こだわり(拘り)
「こだわる」という言葉自体は、本来はあまり良い意味を持っていないようです。「必要以上に細かいことを気にする」ことや「些細なことに気持ちがとらわれている」ことなどを指しているそうです。
そんなあまり良くない意味の「こだわる」は「物事に妥協せず、徹底的に追及する」といったような、良い意味でも使われるようになりました。
自転車の世界において、「こだわり」の極致と言えば「フルオーダー」となるでしょう。
先日納品させていただいた自転車は、そんなお客様の「こだわり」にお付き合いさせていただいて出来上がった逸品です。
フレームは、大阪・堺にてスチールのフルオーダーフレームを製作する「ソウカワガレージ」の「CORNER BIKES」(コーナー・バイクス)。
スタッフも以前に「CORNER」のフルオーダーフレームを作成したので、BLOG記事で紹介しました(⇒コチラ)
「CORNER」のフレームは、ジオメトリー(フレーム寸法)はもちろん、細部の仕様(ヘッドやBB、エンドの規格などなど)、ワイヤー受けなどフレーム小物の細かい位置などなど・・・ありとあらゆるコトが指定できます。
このフレームのお客様は、お気に入りのバイクのジオメトリーをベースに、使いたい部品から完成状態をイメージして細部の作りこみを考えて行きました。
オーダーしたフレームは、ディスクブレーキのシクロクロス/グラベルロード。シクロクロスとグラベルロードって何が違うの?ってところですが、短距離レース向けのシクロクロスよりも長距離が走りやすい設計にしてあるので「グラベルロード」と言って差し支えないかと。
カーボン製のフロントフォークに多いテーパードコラムに対応できる44mmヘッド、PF30規格のBBも指定です。
強力な制動力の油圧ディスクブレーキを使うので、スルーアクスル(142x12mm)仕様に。「CORNER」ではアメリカのフレームビルド用部材メーカー「Paragon Machine Works」(パラゴン・マシンワークス)の部材を多用しているということで、「Paragon POLY DROP」を採用。エンドパーツが交換式になっているので、クイック仕様やスルーアクスル仕様にコンバージョンできます。分割エンドなのでベルトドライブなんてマニアックなこともできてしまいます!

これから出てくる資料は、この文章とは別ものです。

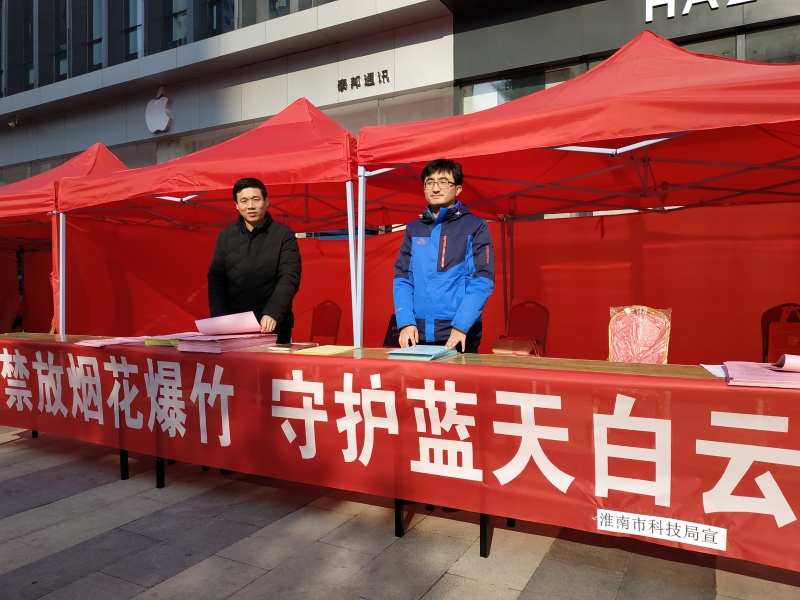 市科技局总农艺师张虎率领工作人员设置宣传展台,制作 “禁放”宣传展板,在现场向市民发放《淮南市人民政府关于淮南市禁止燃放烟花爆竹的通告》、《关于禁止燃放烟花爆竹的倡议书》、《致市民朋友的一封信》等宣传资料,让更多人意识到燃放烟花爆竹以及燃放烟花爆竹对空气质量带来的危害。

フロントフォークは、カーボン。「CORNER」でスチール製のフォークを作ってもらうことも可能ですが、軽さや剛性を重視するならカーボンフォークでしょう。選んだフォークは「一条サイクルセンター」が販売している「ENVE」(エンヴィ)の12mmスルーアクスルのCXフォーク。とんでもなく強いカーボンがウリの「ENVE」のこのフォークは、700cで45mm、650bで50mm幅のタイヤが使用できるかなり余裕のあるタイヤクリアランスがあります。タイヤの選択肢を豊富に持てることは、さまざまなライディングスタイルへの可能性に溢れているということになりますね。
ステムもフロントフォークに合わせて「ENVE」で。フレーム製造の「ソウカワガレージ」さんから、フレームと一緒にペイントに出していただきました。「CORNER」のフレームは「ソウカワガレージ」さんと付き合いの深い東京の「Cook Paint Works」さんでペイントされます。戦闘機「零戦」をイメージしたお客様のデザインを素晴らしいクオリティで仕上げてくださいました。

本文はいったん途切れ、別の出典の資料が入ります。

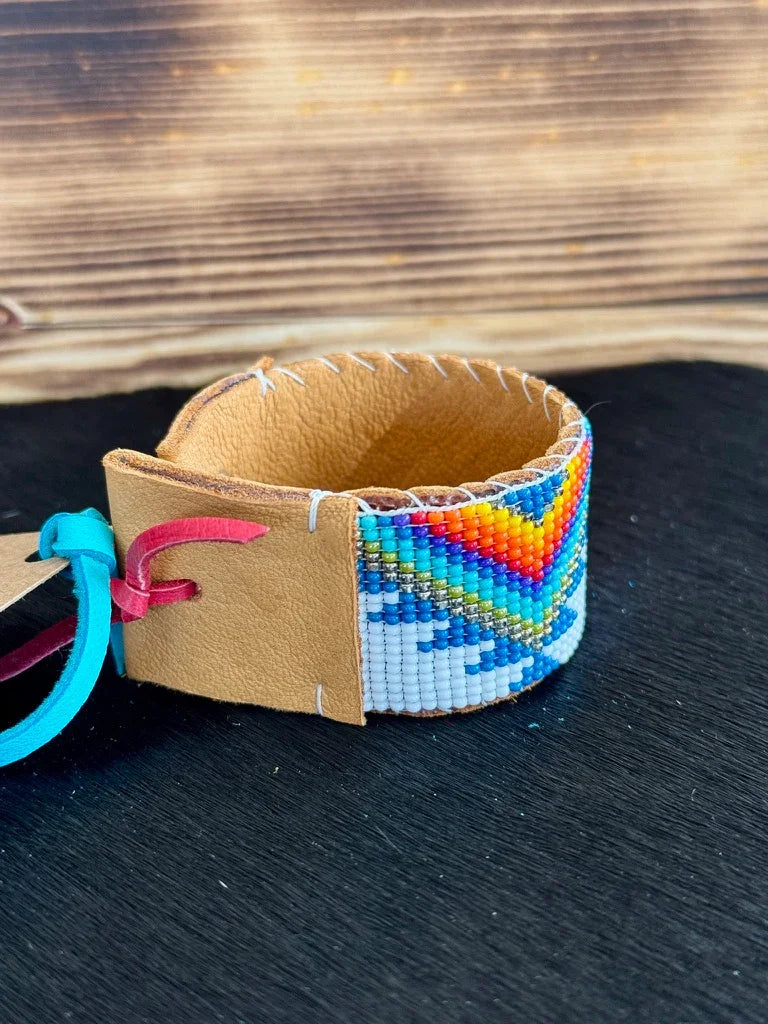 Add a pop of colors to your wrist with our Red & Blue Mountains Bracelet. This hand loom crafted bracelet features a rainbow triangular pattern on a white background. Handmade in the USA, this beautiful piece adds a touch of Western charm to your jewelry collection.

多くの大手メーカーがカーボンの最新モデルを次から次へと作り出す、このご時世。わざわざスチールなどの金属フレームでフルオーダーを作るということは、そのビルダーさんの、技術やセンス、こだわりに惚れ込んで・・・と言うことになるかと思います。
「CORNER」の「こだわり」が一番表れている部分が、この接合部でしょう。
(画像は、「CORNER ソウカワガレージ」のWEBサイトより)
ラグレスのフィレットブレイジングで接合されたスチールチューブ。ピッタリと噛み合わさるように加工したスチールチューブの間に熱した真鍮ロウを流し込み接合。さらに接合部に真鍮ロウを盛り強度を向上させる接合方法です。フィレットブレイジングは盛り上げたロウを丁寧に磨き美しい仕上がりになります。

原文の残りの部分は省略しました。